Most people who have experienced a traumatic event will not develop PTSD. People who experience interpersonal trauma (for example rape or child abuse) are more likely to develop PTSD, as compared to people who experience non-assault based trauma such as accidents and natural disasters. About half of people develop PTSD following rape. Children are less likely than adults to develop PTSD after trauma, especially if they are under ten years of age. Diagnosis is based on the presence of specific symptoms following a traumatic event.
Prevention may be possible when therapy is targeted at those with early symptoms but is not effective when provided to all individuals whether or not symptoms are present. The main treatments for people with PTSD are counselling and medication. A number of different types of therapy may be useful. This may occur one-on-one or in a group. Antidepressants of the selective serotonin reuptake inhibitor type are the first-line medications for PTSD and result in benefit in about half of people. These benefits are less than those seen with therapy. It is unclear if using medications and therapy together has greater benefit. Other medications do not have enough evidence to support their use and in the case of benzodiazepines may worsen outcomes.

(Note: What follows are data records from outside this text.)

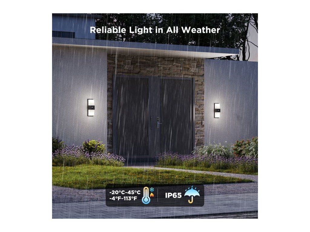 Robustné kovové telo spolu s certifikátom IP65 zaisťujú vysokú odolnosť tohto vonkajšieho nástenného svietidla voči prachu a vode. Svetlo zvládne prevádzku v širokom rozsahu teplôt od -20 do 45 °C, čo znamená stabilný a spoľahlivý výkon aj v náročných vonkajších podmienkach - od mrazivej zimy až po horúce letné popoludnia. Na jeho funkčnosť sa teda môžete spoľahnúť za každého počasia.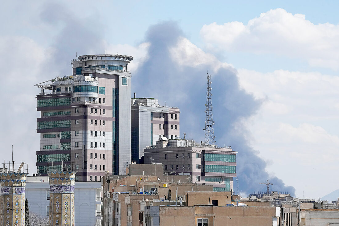 Smoke rises after a strike in Tehran, Iran, on Sunday. The U.S. and Israel pounded targets across Iran on Sunday as part of an intensifying military campaign following the killing of Supreme Leader Ayatollah Ali Khamenei. The Associated Press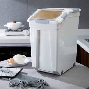 Este recipiente de armazenamento de alimentos é feito de material PP de grau alimentício, livre de BPA. É ideal para armazenar arroz, farinha, milho, feijão, alimentos secos para animais de estimação, etc. A capa hermética de silicone selada com uma tampa flip e 6 travas mantém os alimentos frescos e seguros e evita umidade e poeira. Ele é projetado em cinco tamanhos disponíveis para você escolher a melhor opção conforme necessário. O recipiente de armazenamento pode ser utilizado como um armazenador de arroz/grãos, armazenamento de despensa, recipiente de ração para animais de estimação para ração de cachorro, comida de gato ou semente de pássaros, bem como uma caixa de armazenamento para brinquedos, coleira, areia de gato, etc. - Este recipiente de armazenamento de alimentos é feito de material PP livre de BPA, vem com um copo de servir. - Capa hermética de silicone selada com uma tampa dobrável e 6 fechaduras: mantenha arroz, farinha, milho, feijão ou alimentos secos para animais de estimação frescos e saudáveis. É à prova de umidade, poeira e não vazamento. - 33 litros - 29 cm L x 44 cm x 40 cm A, comporta aproximadamente 22,7 kg de arroz ou 16 kg de ração seca para animais de estimação. - O design com pequeno sulco sob a tampa para uma pequena cesta, que é para colocar o "anis estrelado seco" ou "absorvente de umidade" (vendido separadamente) para proteger os alimentos de pragas e manter frescos. - Uma alça e quatro rodas: um design para facilitar o movimento e armazenamento.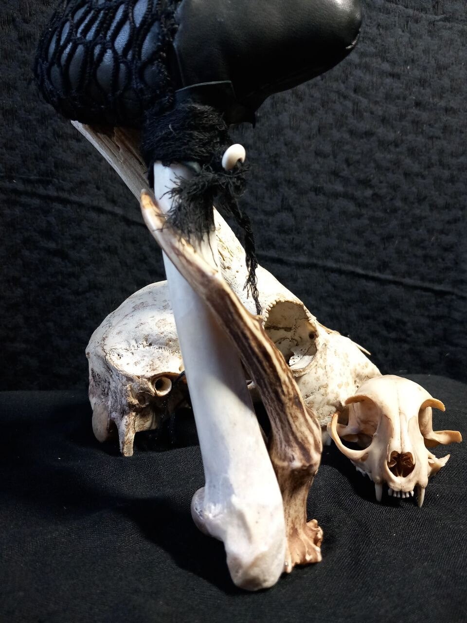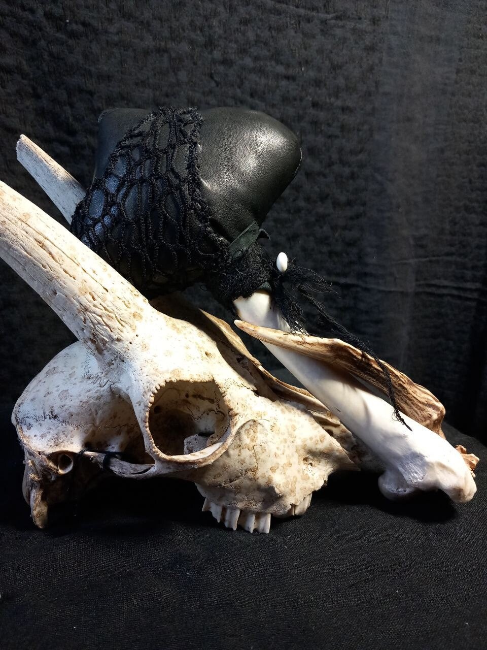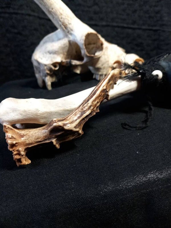 Born from bone, encircled by a deer antler and bound in leather. A rattle for spirit paths and rites, crafted in the old ways.
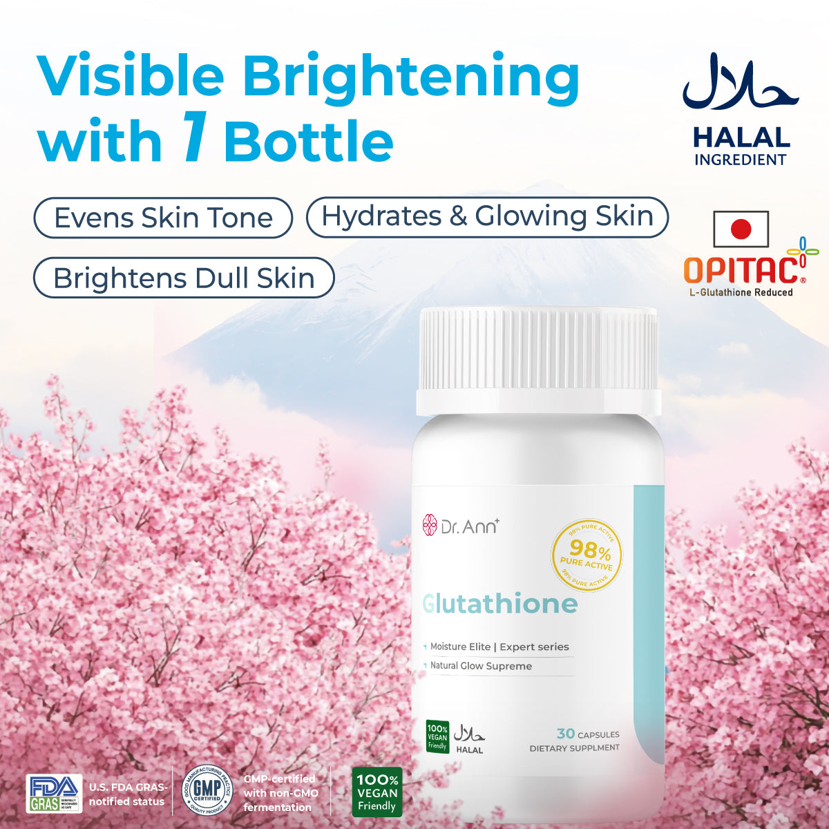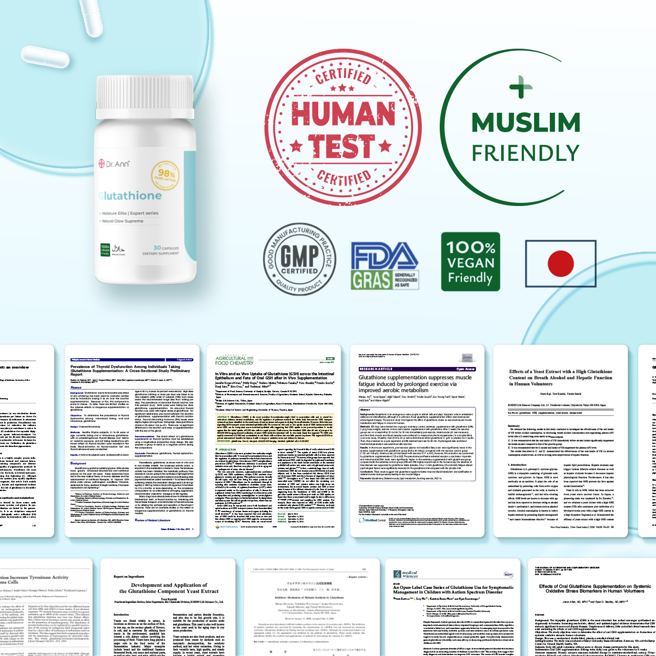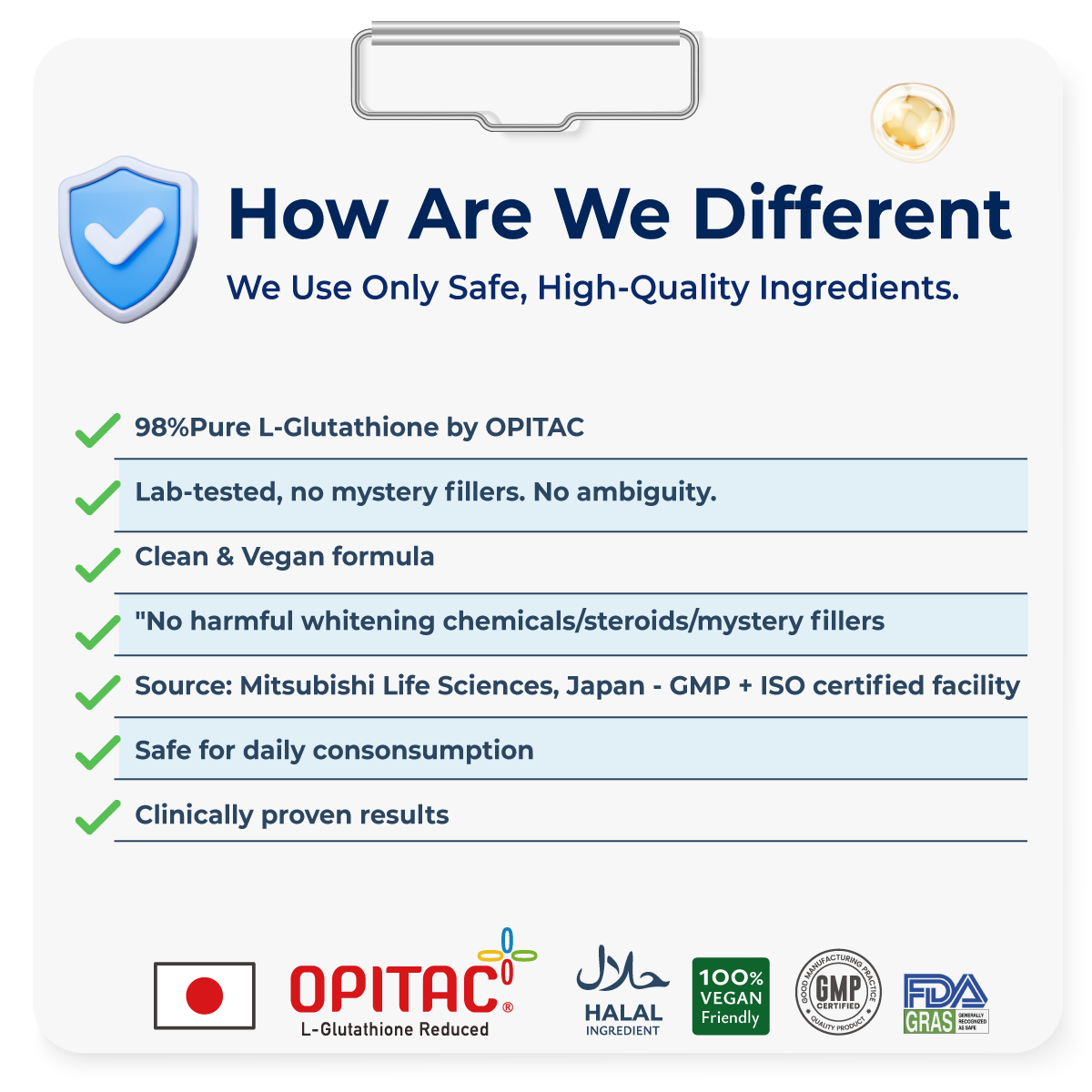 Our glutathione, sourced from Mitsubishi Life Sciences, is the only one in the world utilizing a high-concentration, non-GMO circular yeast extraction process. It is also the only TFDA-approved glutathione for use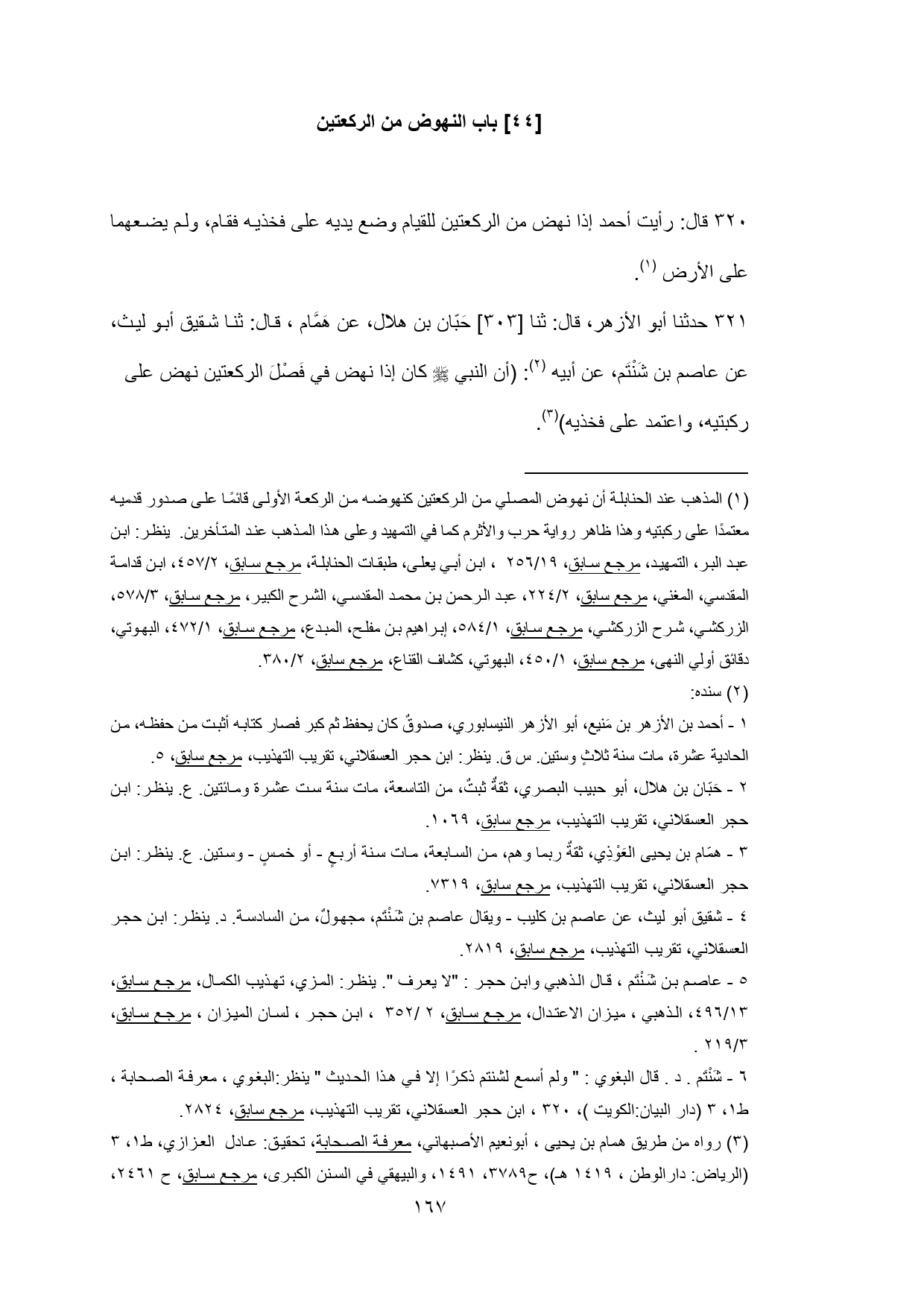 321 - حدثنا أبو الأزهر، قال: ثنا [303] حَبّان بن هلال، عن هَمَّام، قال: ثنا شقيق أبو ليث، عن عاصم بن شَنْتَم، عن أبيه (¬2): (أن النبي - صلى الله عليه وسلم - كان إذا نهض في فَصْلَ الركعتين نهض على

An extensive article about improving the existing tests and developing new methods for PTSD early spotting was published in the New York Times last year.
In the United States about 3.5% of adults have PTSD in a given year, and 9% of people develop it at some point in their life. In much of the rest of the world, rates during a given year are between 0.5% and 1%. Higher rates may occur in regions of armed conflict. It is more common in women than men. Symptoms of trauma-related mental disorders have been documented since at least the time of the ancient Greeks. During the World Wars the condition was known under various terms including "shell shock" and "combat neurosis". The term "posttraumatic stress disorder" came into use in the 1970s in large part due to the diagnoses of U.S. military veterans of the Vietnam War. It was officially recognized by the American Psychiatric Association in 1980 in the third edition of the Diagnostic and Statistical Manual of Mental Disorders (DSM-III).